Task objective :: In the listing below, find the line containing "At least half" and the line containing "1 -sobni studio", then copy exactly everything from the first through the second, except the pictures.

Dataset entries ::
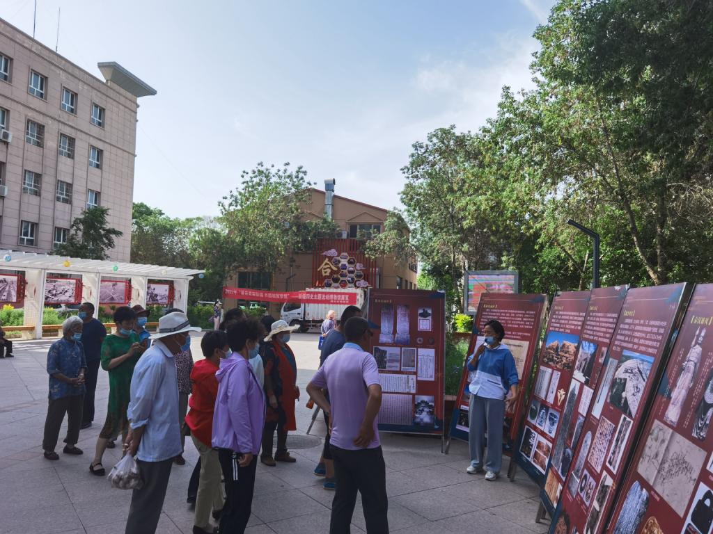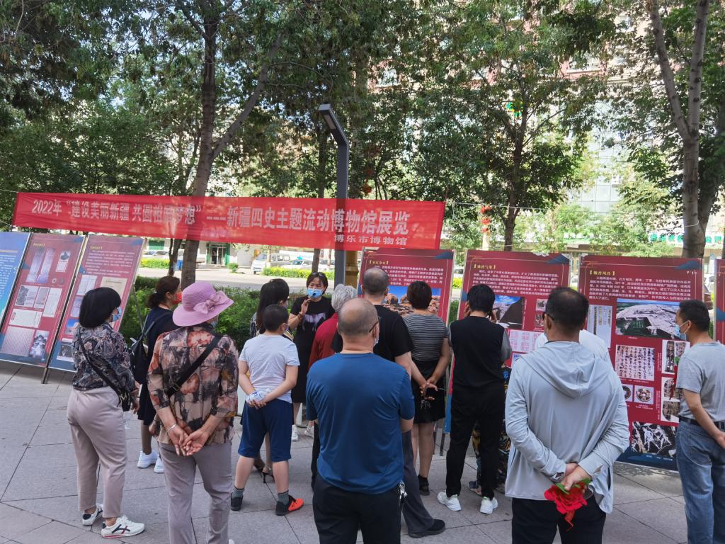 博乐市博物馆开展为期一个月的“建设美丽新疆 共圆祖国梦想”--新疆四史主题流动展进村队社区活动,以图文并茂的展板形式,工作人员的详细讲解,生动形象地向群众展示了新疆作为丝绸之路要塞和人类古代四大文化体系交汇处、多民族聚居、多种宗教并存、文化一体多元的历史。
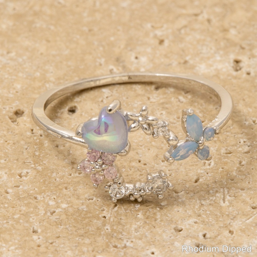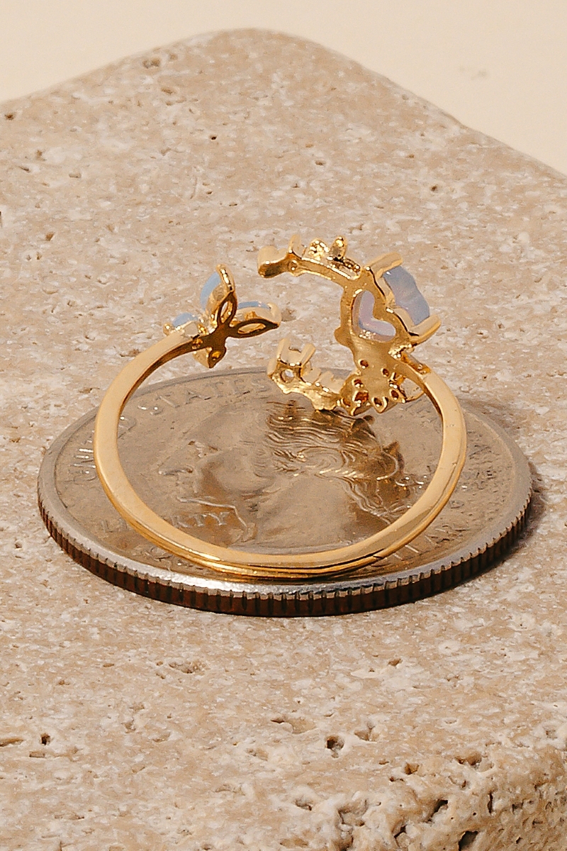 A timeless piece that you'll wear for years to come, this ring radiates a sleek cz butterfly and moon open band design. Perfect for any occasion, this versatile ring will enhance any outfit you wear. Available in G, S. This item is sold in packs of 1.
...
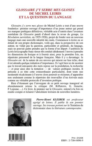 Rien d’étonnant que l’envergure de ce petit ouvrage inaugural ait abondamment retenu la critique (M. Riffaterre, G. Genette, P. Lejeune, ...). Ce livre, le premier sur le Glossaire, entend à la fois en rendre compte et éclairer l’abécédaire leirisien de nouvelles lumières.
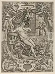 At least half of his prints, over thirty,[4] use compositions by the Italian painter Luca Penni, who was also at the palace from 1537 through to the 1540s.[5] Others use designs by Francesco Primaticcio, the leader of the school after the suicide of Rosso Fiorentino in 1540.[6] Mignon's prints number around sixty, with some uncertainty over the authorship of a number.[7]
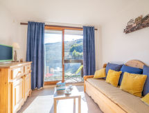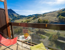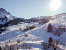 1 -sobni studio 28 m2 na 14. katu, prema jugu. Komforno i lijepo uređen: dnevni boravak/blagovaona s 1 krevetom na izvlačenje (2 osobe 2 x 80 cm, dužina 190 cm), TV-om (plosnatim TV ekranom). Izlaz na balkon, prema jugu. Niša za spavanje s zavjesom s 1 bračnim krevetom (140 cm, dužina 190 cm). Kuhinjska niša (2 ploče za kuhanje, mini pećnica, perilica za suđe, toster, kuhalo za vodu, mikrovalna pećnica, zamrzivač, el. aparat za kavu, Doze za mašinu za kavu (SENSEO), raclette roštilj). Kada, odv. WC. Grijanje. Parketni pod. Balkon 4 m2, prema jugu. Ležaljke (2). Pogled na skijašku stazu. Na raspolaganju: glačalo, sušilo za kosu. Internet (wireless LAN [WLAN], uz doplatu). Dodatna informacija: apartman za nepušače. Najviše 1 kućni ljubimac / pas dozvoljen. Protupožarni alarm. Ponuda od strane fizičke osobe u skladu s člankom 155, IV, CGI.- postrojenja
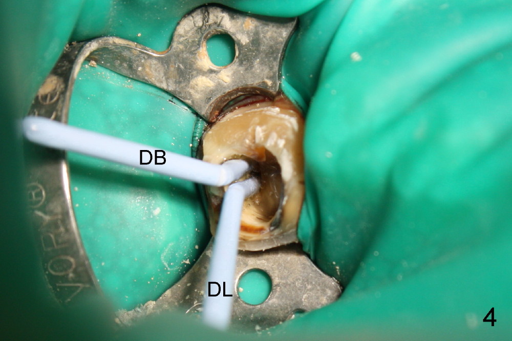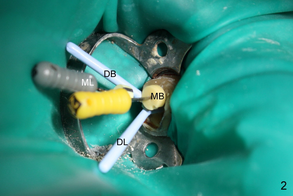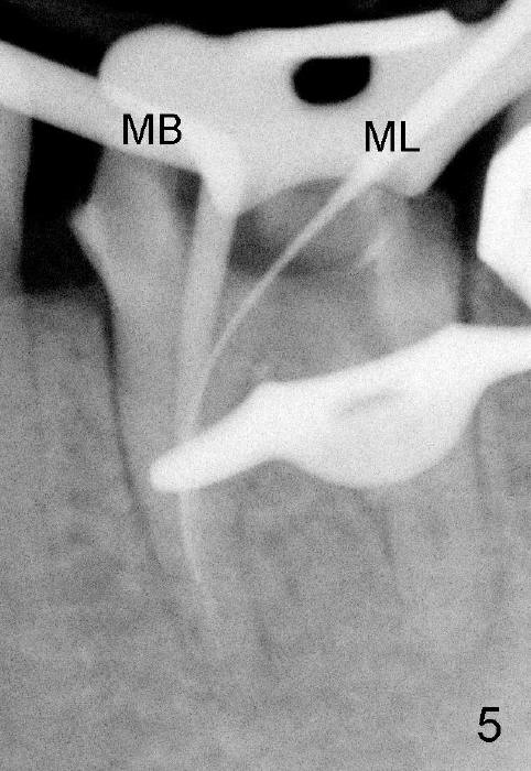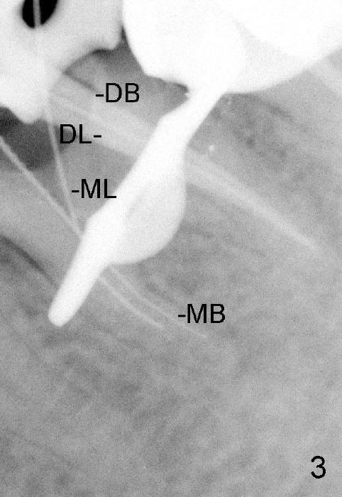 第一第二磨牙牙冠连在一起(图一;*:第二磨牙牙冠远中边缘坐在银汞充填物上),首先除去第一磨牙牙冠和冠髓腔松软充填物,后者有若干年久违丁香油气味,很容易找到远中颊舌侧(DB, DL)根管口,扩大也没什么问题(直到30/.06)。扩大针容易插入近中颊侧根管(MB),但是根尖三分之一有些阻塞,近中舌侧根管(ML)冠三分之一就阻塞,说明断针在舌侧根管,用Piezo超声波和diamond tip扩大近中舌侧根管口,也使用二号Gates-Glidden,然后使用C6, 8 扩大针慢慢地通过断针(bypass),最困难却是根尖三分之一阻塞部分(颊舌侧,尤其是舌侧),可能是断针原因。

Written solution ::
 At least half of his prints, over thirty,[4] use compositions by the Italian painter Luca Penni, who was also at the palace from 1537 through to the 1540s.[5] Others use designs by Francesco Primaticcio, the leader of the school after the suicide of Rosso Fiorentino in 1540.[6] Mignon's prints number around sixty, with some uncertainty over the authorship of a number.[7]
 1 -sobni studio 28 m2 na 14. katu, prema jugu. Komforno i lijepo uređen: dnevni boravak/blagovaona s 1 krevetom na izvlačenje (2 osobe 2 x 80 cm, dužina 190 cm), TV-om (plosnatim TV ekranom). Izlaz na balkon, prema jugu. Niša za spavanje s zavjesom s 1 bračnim krevetom (140 cm, dužina 190 cm). Kuhinjska niša (2 ploče za kuhanje, mini pećnica, perilica za suđe, toster, kuhalo za vodu, mikrovalna pećnica, zamrzivač, el. aparat za kavu, Doze za mašinu za kavu (SENSEO), raclette roštilj). Kada, odv. WC. Grijanje. Parketni pod. Balkon 4 m2, prema jugu. Ležaljke (2). Pogled na skijašku stazu. Na raspolaganju: glačalo, sušilo za kosu. Internet (wireless LAN [WLAN], uz doplatu). Dodatna informacija: apartman za nepušače. Najviše 1 kućni ljubimac / pas dozvoljen. Protupožarni alarm. Ponuda od strane fizičke osobe u skladu s člankom 155, IV, CGI.- postrojenja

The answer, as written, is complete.